Porpoising had more consequences for Mercedes: 'It was breaking the engine'

8 January - 11:13 Last update: 17:10


According to Mercedes team boss Toto Wolff, porpoising not only cost his team months of development time but also wrecked the engine. Despite this, the team slowly managed to improve performance without compromising on reliability.
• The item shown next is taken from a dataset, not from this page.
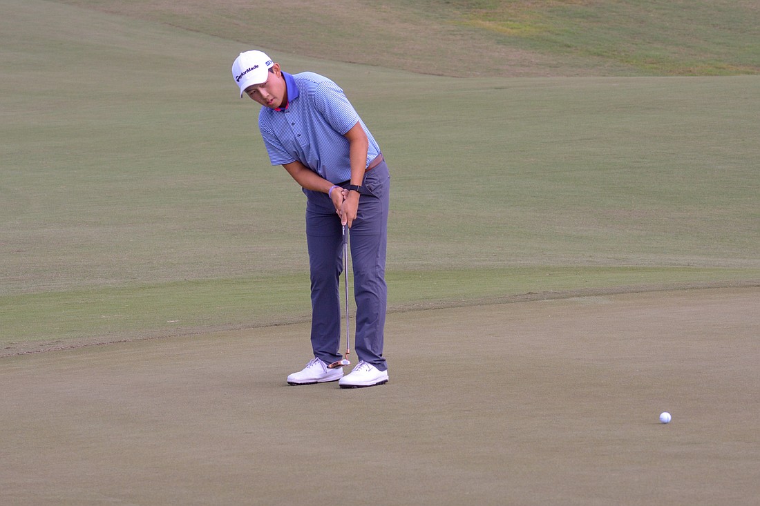 Dylan Wu putts to par the No. 18 hole at Lakewood National. He finished six under par on day one of the LECOM Suncoast Classic.

Mercedes suffered their worst season since the team's dominance began with the introduction of the turbo-hybrid era in 2014. For a long time, the team was in no-man's land: the performances shown by Red Bull Racing and Ferrari were too high, but Lewis Hamilton and George Russell mostly ran away from midfield.

Damaged Mercedes engines

The biggest problem for the German racing stable was porpoising. Not only did it hamper drivers and performance, but it also caused damage to the engines. In a joint interview with Hywel Thomas, director of Mercedes' engine department, Wolff praised his colleague for the way he dealt with the problems.

"Whilst in a frozen environment, you and your team were able to really add on performance, cope with the difficult environment of a bouncing car that was breaking your engine and still we were super reliable. And the engine was performing very well towards the middle of the season and the end," Wolff said in a video on the Mercedes' YouTube channel.

Thomas added that the power unit was indeed suffering badly at the bottom end. "It was quite a surprise to see exactly how hard they were being hit by the ground. You know when you see Lewis and George looking a bit uncomfortable getting out of the cars, the PUs were doing pretty much the same."